▶ _Instructions for the task_:
Copy task, pictures excluded: set down exactly the lines from the one containing "Uno de los grandes" to the end of the data below.

▶ _Supplied material_:
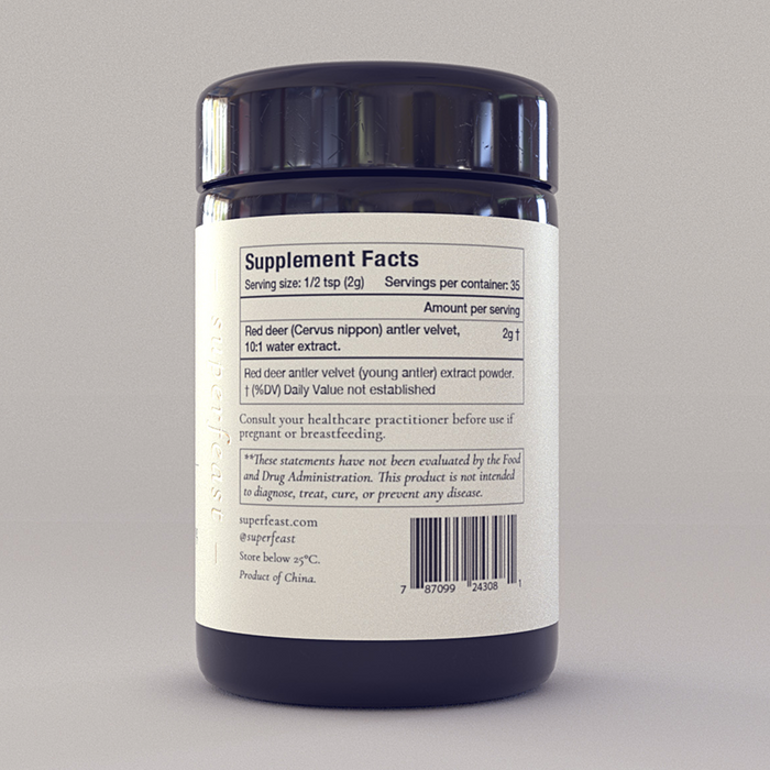 Start with 1⁄4 teaspoon of powdered Deer Antler extract, increasing to 1⁄2 teaspoon or more if desired.
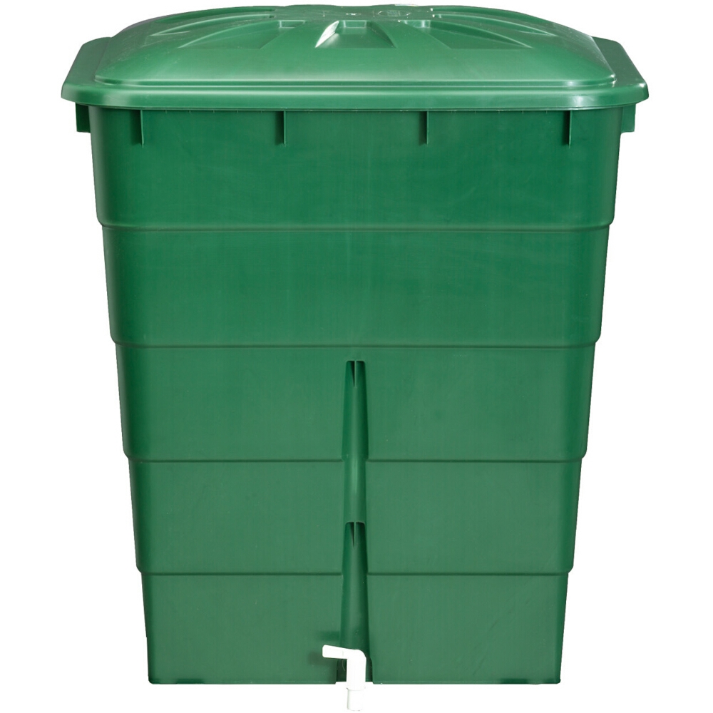 Regentonne eckig 203L mit Deckel und Hahn, Farbe: grün
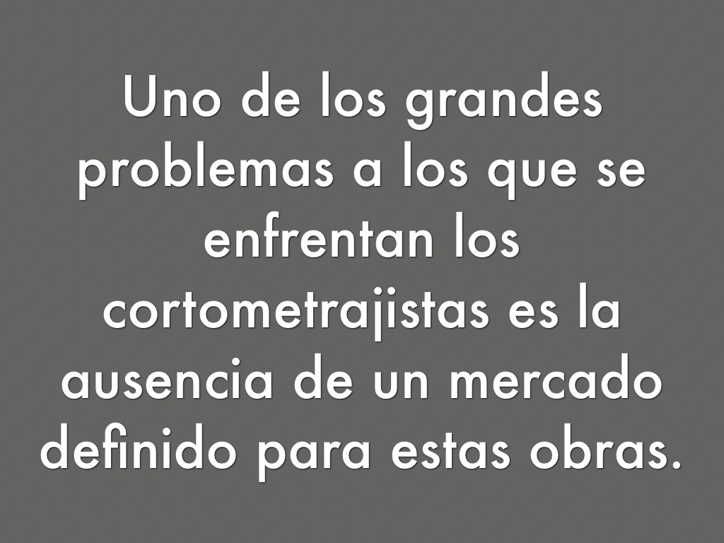 Uno de los grandes problemas a los que se enfrentan los cortometrajistas es la ausencia de un mercado definido para estas obras.
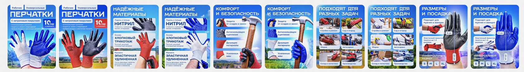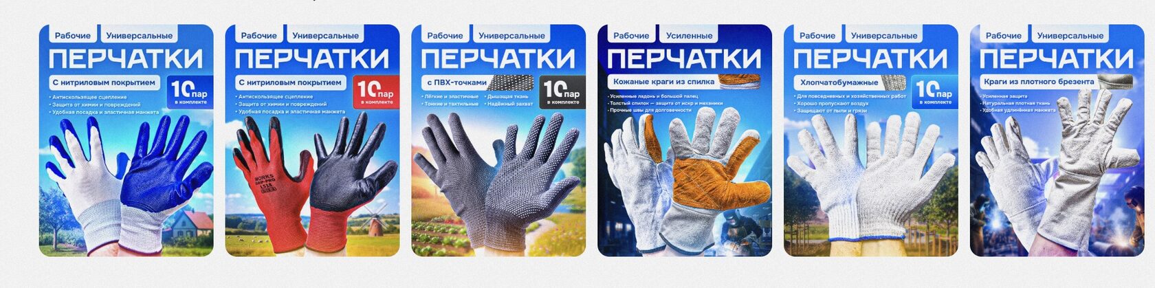 Перчатки — товар сравнения: пользователь листает десятки карточек. Разный свет, случайные шрифты и пёстрые фоны ломают узнаваемость, мозг ставит паузу. Когда у всей линейки один визуальный язык и повторяемая структура, решение принимается быстрее, а вопросов «это точно подойдёт для склада/сада?» становится меньше.
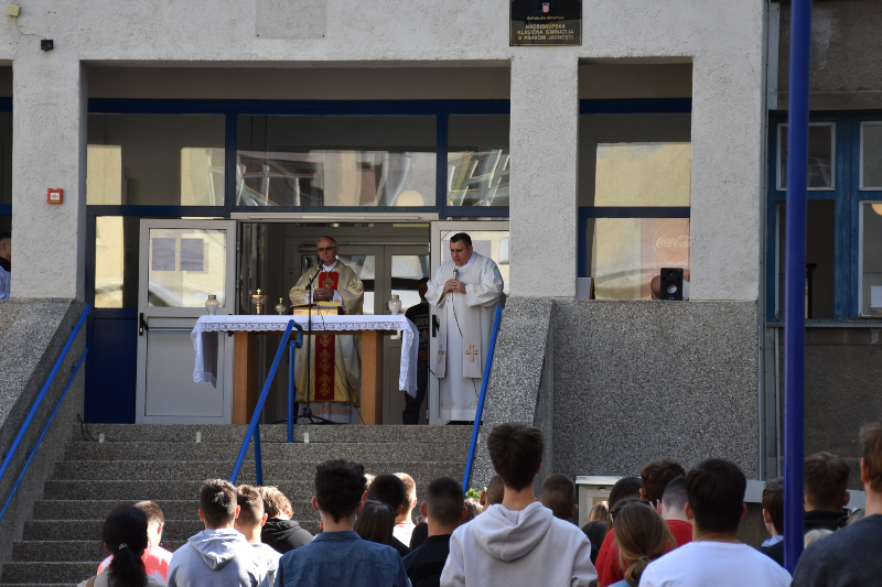 Po završetku misnoga slavlja, a prije završnoga blagoslova, preč. Matija Pavlaković, rektor Sjemeništa i duhovnik Gimnazije, zahvalio je u ime ravnateljice škole prof. Ljube Duvnjak, ocu biskupu na dolasku i nadahnutoj homiliji, posebno pozdravivši ovogodišnje prvaše. Zaželio je svima sretan početak nove školske i vjeronaučne godine kako bi Gospodin svojom blizinom pratio i blagoslovio učenike, profesore i djelatnike Gimnazije, a roditeljima i odgojiteljima udijelio strpljivost i brižnost u služenju mladima koji traže uzore svojih života.

▶ _Task output_:
 Uno de los grandes problemas a los que se enfrentan los cortometrajistas es la ausencia de un mercado definido para estas obras.
 Перчатки — товар сравнения: пользователь листает десятки карточек. Разный свет, случайные шрифты и пёстрые фоны ломают узнаваемость, мозг ставит паузу. Когда у всей линейки один визуальный язык и повторяемая структура, решение принимается быстрее, а вопросов «это точно подойдёт для склада/сада?» становится меньше.
 Po završetku misnoga slavlja, a prije završnoga blagoslova, preč. Matija Pavlaković, rektor Sjemeništa i duhovnik Gimnazije, zahvalio je u ime ravnateljice škole prof. Ljube Duvnjak, ocu biskupu na dolasku i nadahnutoj homiliji, posebno pozdravivši ovogodišnje prvaše. Zaželio je svima sretan početak nove školske i vjeronaučne godine kako bi Gospodin svojom blizinom pratio i blagoslovio učenike, profesore i djelatnike Gimnazije, a roditeljima i odgojiteljima udijelio strpljivost i brižnost u služenju mladima koji traže uzore svojih života.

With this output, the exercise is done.